Ask HN: Candidates with no sample code? - tedroden
I've been interviewing/hiring a lot lately ( www.fancyhands.com/jobs ). One thing I've noticed is that a lot of candidates don't have code samples ready. After looking at a good resume, I tend to ask for code samples and to set up an interview in person. More often than not, people don't have any code samples they can share. No github, etc.<p>I'm not looking for "work" code or even a full application. Just something above a hello world that the candidate wrote.<p>Personally, I'd rather see a few code samples than a resume. You can talk me through your work history, but you can't just talk about code. I'm not going to hire someone on a code sample alone, but I think it really moves the conversation forward.<p>So, the question: Am I being harsh in thinking it's a BIG red flag if a candidate has no code samples? How do you approach a candidate with a solid resume but zero code samples?
======
mikeocool
I think the first time I was asked for a code sample, I didn't have anything
specifically ready. I found the idea of sending a piece of code that was part
of a larger application and didn't really function outside of it a little
weird. I ended up taking some time to build a little command line script that
used a few of the classes I had written and provided that as a sample.

Now that I'm on the hiring end, I've been ask for a sample from candidates,
but I'm starting to find them not all that helpful. I've gotten a ton of model
classes that are pulled out of Rails or Django apps. Which is fair, if you're
building a fairly vanilla app on an MVC web framework, a model is probably one
the more self contained pieces, but I think it's really hard to judge a
candidate by them.

Ultimately, I've found a much better way to get a feel for how someone codes
is to have them come in and pair with them for an hour or two. First spend
some time showing them the codebase at a high level and work with them on a
really quick problem to see if they get the basics, and if they do, dive into
something a little more substantive. Has the nice side effect of seeing if
you're going to get along.

------
caw
I kind of see this issue from 2 perspectives:

1) You're perfectly in your right to ask for code samples. Given, you have to
make sure in some fashion that they wrote it.

2) From the perspective of someone without sample code -- I can't show you
what I make. I can count a number of reasons why it wouldn't be available:
NDAs, trade secrets, company owned code, and even government classified work.
In this situation, I would prefer a whiteboard test or code up this problem in
a few days and submit it with your resume.

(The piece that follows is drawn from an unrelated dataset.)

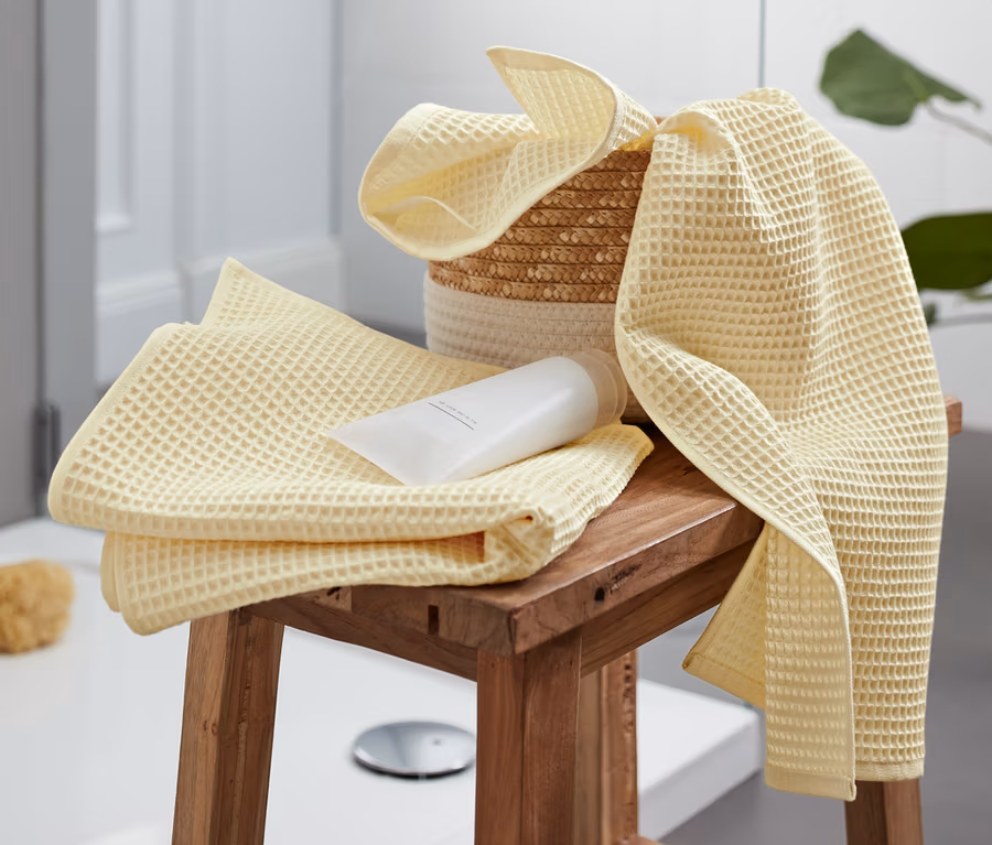 Prémiové ručníky s vaflovým piké, 2 ks, vanilkové
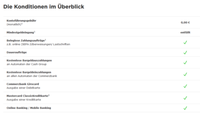 1* Kostenlos nur bei privater Nutzung, bei belegloser Kontoführung und Nutzung von Commerzbank-/ Cash Group-Geldautomaten. Es fallen 1,50 € je Vorgang/Scheck für beleghafte Inlands-/SEPA-Überweisungen, Einzug von auf Euro ausgestellten Inlands-Schecks, sowie je Bargeldaus- und Bargeldeinzahlung am Schalter der Commerzbank an.

You might logically ask, why no other code outside of work? To that I would
respond work-life balance. If you insist on "free time" code you'll get a
whizz bang coder probably. You'll exclude the people who strive for balance
(which may not be what you want, you just have to know you're excluding these
people). These people have other interests outside of work and I might argue
be more well-rounded individuals than someone who codes for 8 hours and then
goes and hacks for 6 more on their side project.

Obviously this isn't a hard and fast rule, I'm just giving you the other
perspective.

I work in IT. I like to code, and I code at work (which means I can't show it
to you). I have some sample code from some school projects, but older
individuals wouldn't.

If you were to do the same thing with IT you would ask "Why haven't you set up
a webserver and configured the database." Maybe because I don't have a use for
that outside work. Maybe I have other interests or other time commitments that
prevent me from doing that sort of work. In respect to coding, maybe I don't
have a problem that can be automated, and I would absolutely hate to spend my
time implementing an idea that is probably worthless. If I bother to validate
it and do my homework, you're looking for an entrepreneur to give up their
work in order to join yours as less than a founder.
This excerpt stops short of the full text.